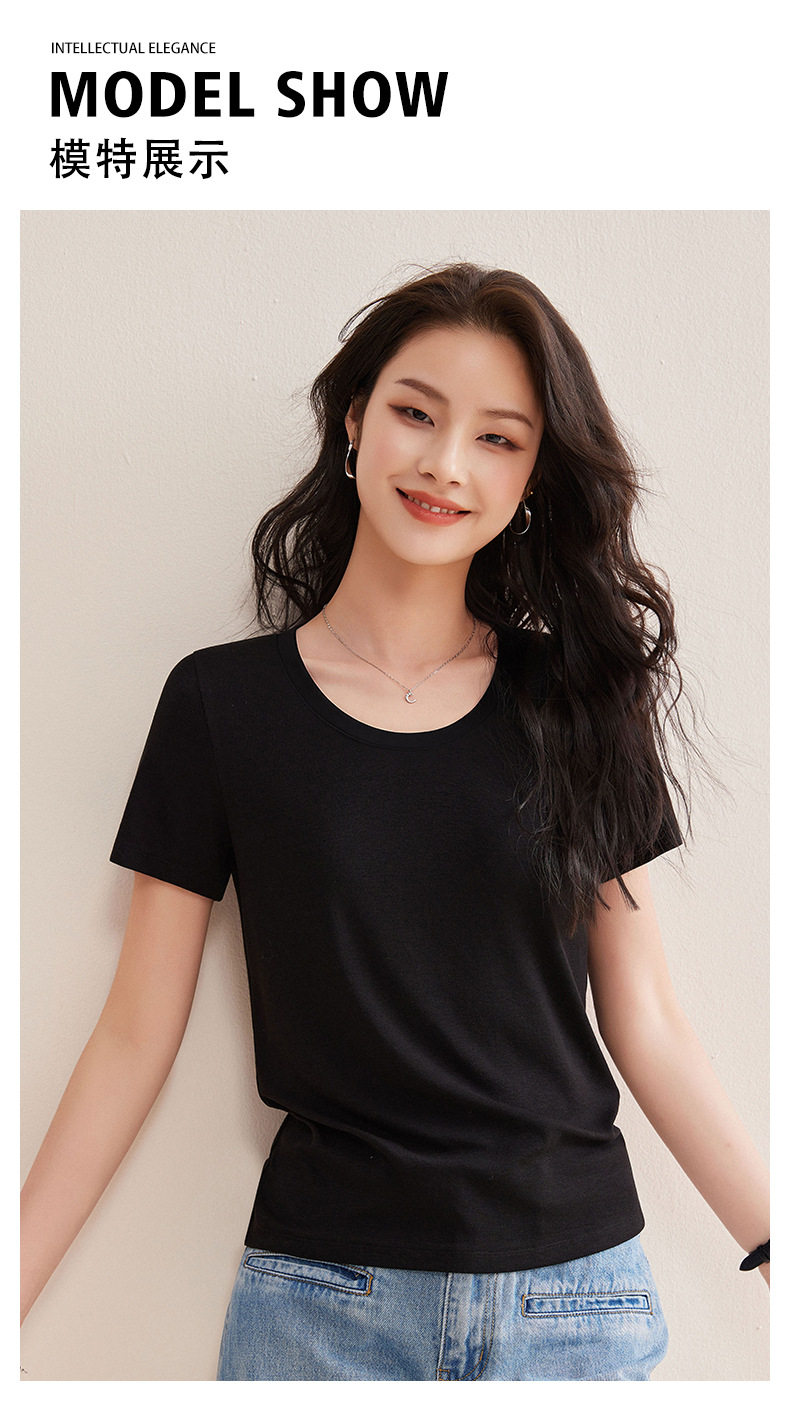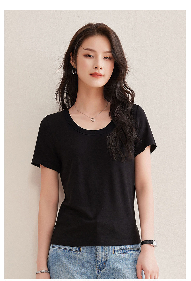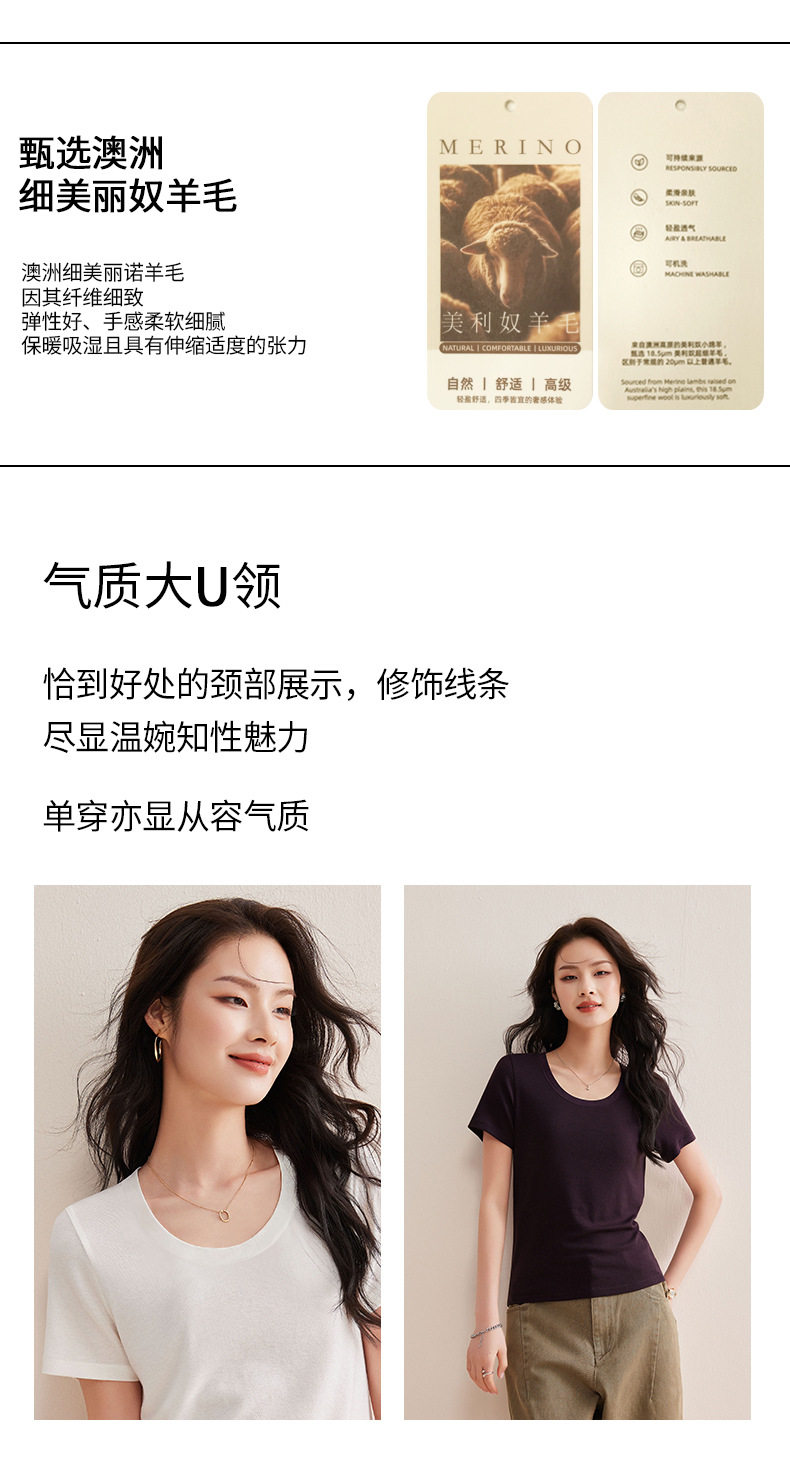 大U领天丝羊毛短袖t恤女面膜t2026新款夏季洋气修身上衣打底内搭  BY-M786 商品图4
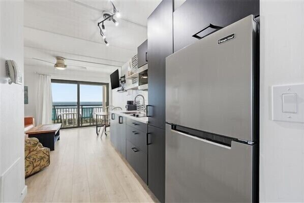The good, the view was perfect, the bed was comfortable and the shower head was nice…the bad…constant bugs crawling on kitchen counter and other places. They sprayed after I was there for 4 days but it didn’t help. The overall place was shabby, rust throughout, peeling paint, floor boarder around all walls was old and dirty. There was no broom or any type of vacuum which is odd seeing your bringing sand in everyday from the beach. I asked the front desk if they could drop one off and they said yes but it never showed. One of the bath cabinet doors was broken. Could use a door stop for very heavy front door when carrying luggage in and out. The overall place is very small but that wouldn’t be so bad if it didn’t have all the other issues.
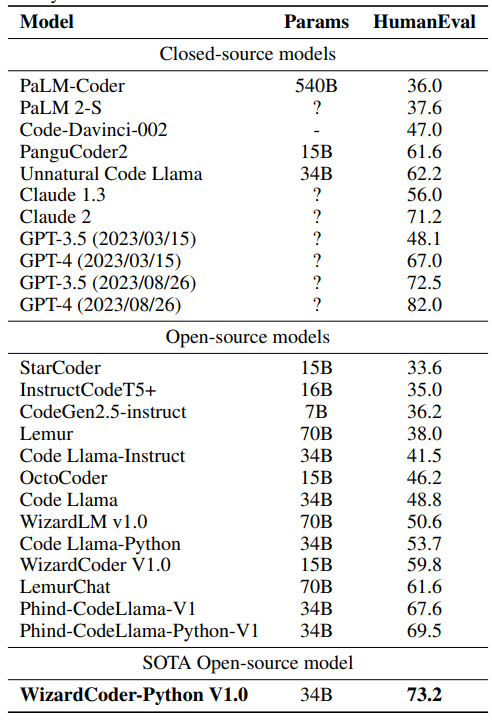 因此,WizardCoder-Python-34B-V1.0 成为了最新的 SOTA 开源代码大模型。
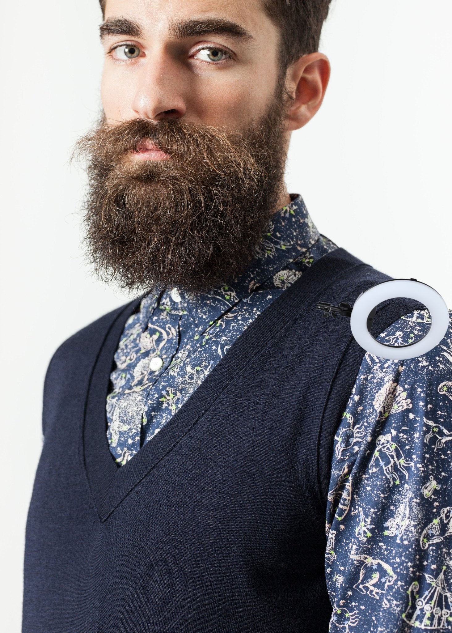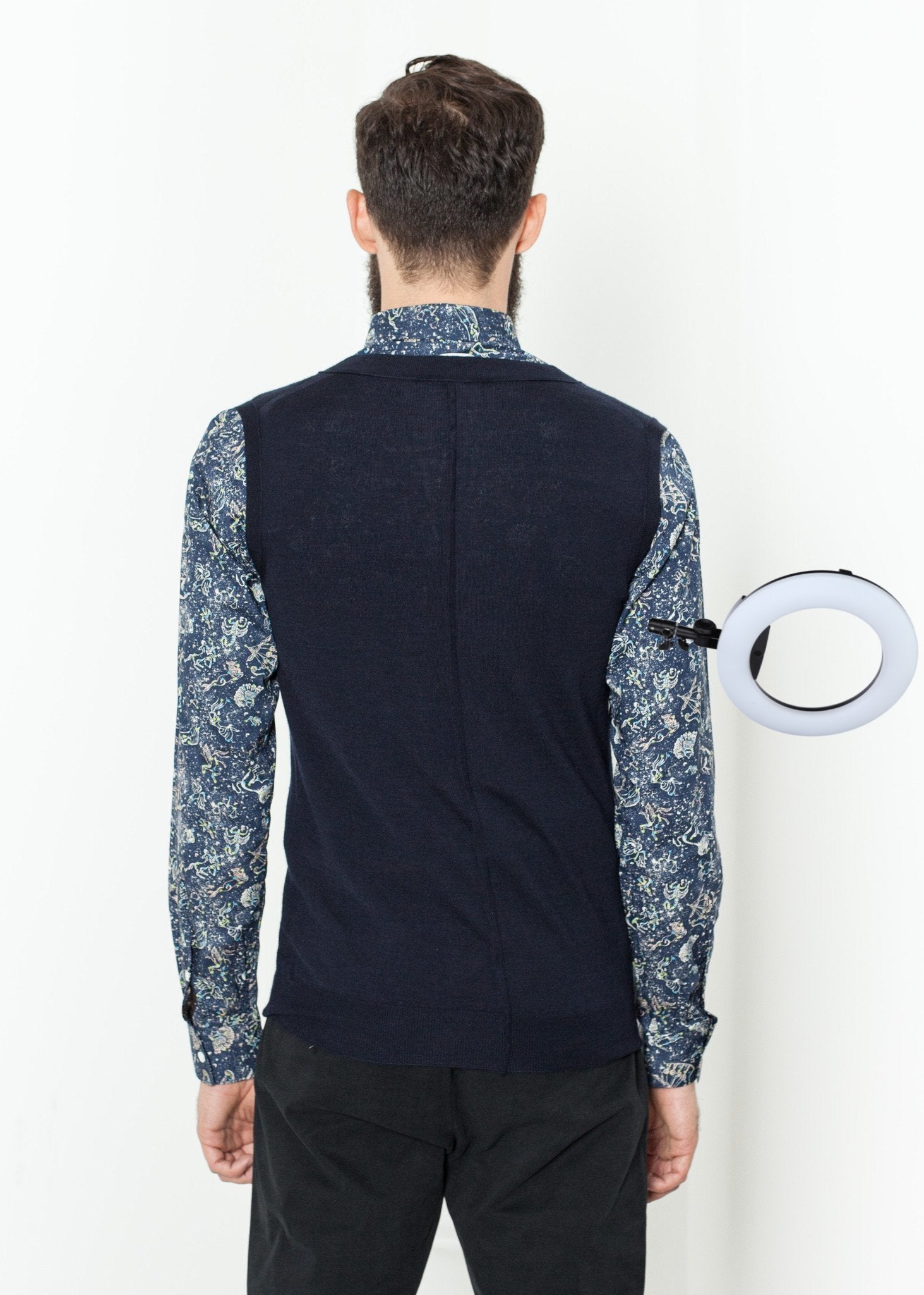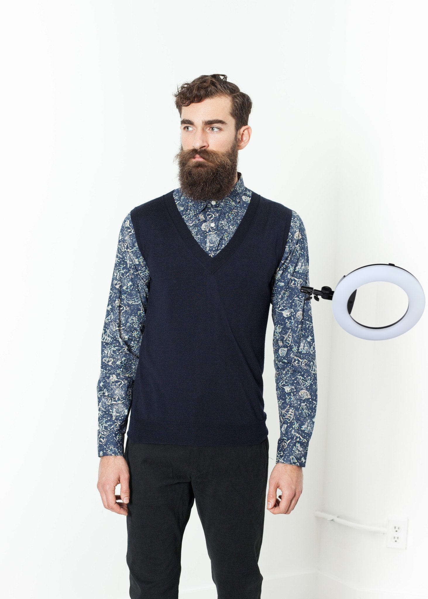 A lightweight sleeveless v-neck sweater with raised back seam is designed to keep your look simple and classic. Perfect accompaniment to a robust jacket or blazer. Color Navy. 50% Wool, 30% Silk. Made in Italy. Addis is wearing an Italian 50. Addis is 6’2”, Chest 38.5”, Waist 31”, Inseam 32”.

* Task item *
Return the full listing exactly as written, without any of its images.

* Reply to the exercise *
 大U领天丝羊毛短袖t恤女面膜t2026新款夏季洋气修身上衣打底内搭  BY-M786 商品图4
The good, the view was perfect, the bed was comfortable and the shower head was nice…the bad…constant bugs crawling on kitchen counter and other places. They sprayed after I was there for 4 days but it didn’t help. The overall place was shabby, rust throughout, peeling paint, floor boarder around all walls was old and dirty. There was no broom or any type of vacuum which is odd seeing your bringing sand in everyday from the beach. I asked the front desk if they could drop one off and they said yes but it never showed. One of the bath cabinet doors was broken. Could use a door stop for very heavy front door when carrying luggage in and out. The overall place is very small but that wouldn’t be so bad if it didn’t have all the other issues.
 因此,WizardCoder-Python-34B-V1.0 成为了最新的 SOTA 开源代码大模型。
 A lightweight sleeveless v-neck sweater with raised back seam is designed to keep your look simple and classic. Perfect accompaniment to a robust jacket or blazer. Color Navy. 50% Wool, 30% Silk. Made in Italy. Addis is wearing an Italian 50. Addis is 6’2”, Chest 38.5”, Waist 31”, Inseam 32”.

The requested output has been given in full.